I found that there had been 57 total requests — practically the same as Bit.ly reported. However, 14 of these were for the page without the tracking codes I’d used when tweeting the page through Bit.ly.
In other words, this is the URL I put out through Bit.ly, which was reported to receive 58 visits:
http:///mothers-cookies-closes-the-sadness-for-products-i-no-longer-have-389?utm_source=twitter&utm_medium=micro-blog&utm_campaign=twitterSee the part in bold? Those are tracking codes or parameters. From the log files, I found that URL above (with the codes) had 43 visits (not 58) and the same page without tracking codes like this received 14 further visits:
http:///mothers-cookies-closes-the-sadness-for-products-i-no-longer-have-389Those 14 visits without tracking codes almost all came from robots (Google: 5; Yanga: 4; Microsoft: 3). Two other visits seemed to be from humans. These robotic visits all likely had nothing to do with my tweet. The requests were from spiders doing their regular crawls of the web, it seems. The few human visits to the page without tracking codes were probably people who came to my article for reasons unconnected with the tweet.
What about those other 43 visits to the page that did have the tracking code? Well, 11 visits were from what appeared to be robots (OneRiot: 1; PycURL: 2; Ginxbot: 2; WebShot: 1; Google: 2; Tweetmeme: 1; Python-urllib: 1; LongURL API: 1).
That left 32 visits that appear to be from humans. That’s almost between the 58 views Bit.ly reported and the 17 page views Google Analytics reflected. Why still such a gap with GA?
One leading argument has been that some Twitter applications on mobile devices load pages within the application, rather than using an external browser, and so aren’t getting registered by Google Analytics. Also, some mobile browsers might not process Javascript. I could see at least four iPhone-based requests like this. But there were plenty of other requests that appear to be from full-fledged desktop-based browsers. Why weren’t they showing up?
One clue is that of the 34 requests, only 5 of them contained “referrer” data, information that some browsers pass on that indicate how they found the page in the first place. For Google Analytics (or ANY analytics program) to properly indicate how much traffic a particular site is driving, it needs as much referrer data as it can get.
Of those referrers, only 2 of them were from the twitter.com domain (1 more was from my own blog’s domain, 1 from iconfactory.com/twitterific, probably indicating a Twitterific users, and one from powertwitter.me, probably indicating a Twitter-visit via a Firefox plug-in).
In short, based on referrer traffic alone, ANY analysis program would have reported that at best, Twitter sent my page only 2 visits. Yet, both Google Analytics and Bit.ly reported that it received far more than that.

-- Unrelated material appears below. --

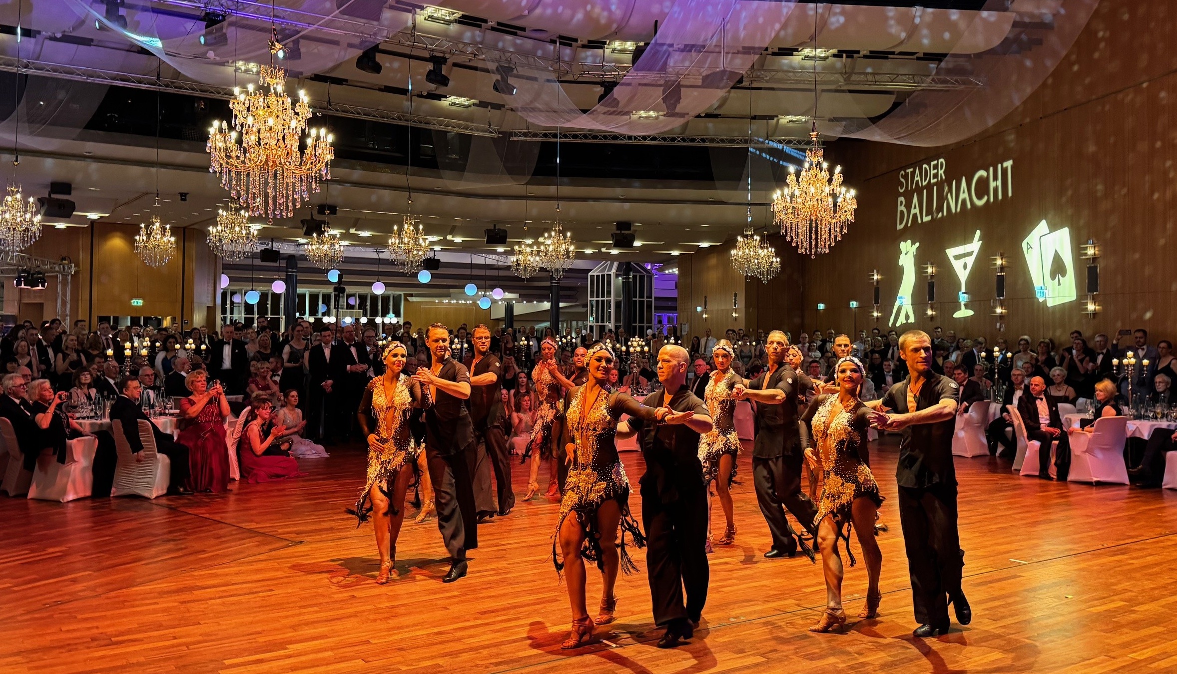 Direkt nach dem Turnier ging die Reise weiter zum Stadeum nach Stade, wo der Bus gegen 20:00 Uhr angekommen ist. Erstmals wurde dort die Stader Ballnacht ausgerichtet und eines der Highlights war die Show von unserer VfL Formation um 22:00 Uhr. Es war eine zauberhafte Atmosphäre im wundervoll gestalteten Stadeum - die Stimmung war hervorragend und der Auftritt sorgte auch im Team dafür, dass die Enttäuschung aus Kiel ein wenig vergessen werden konnte. Nach dem Auftritt feierte unsere Mannschaft noch bis tief in die Nacht die Premiere der Ballnacht und so wurde es für viele unserer Tänzerinnen und Tänzer ein 24 Stunden Tag mit einer Achterbahn der Emotionen.

Remember, Google Analytics said the page had received 17 views in all, 11 from unique users. How many of those 11 unique users came to the page via Twitter? Google Analytics said 9. One more came directly, it said; another person did a search to find it (mother’s cookie site:daggle.com was the search, which was me locating the article. Oddly, this request does NOT appear in the raw log files).
The Big Conclusion
All those earlier numbers hurt your head? Here are the most meaningful ones. Thanks for hanging in there!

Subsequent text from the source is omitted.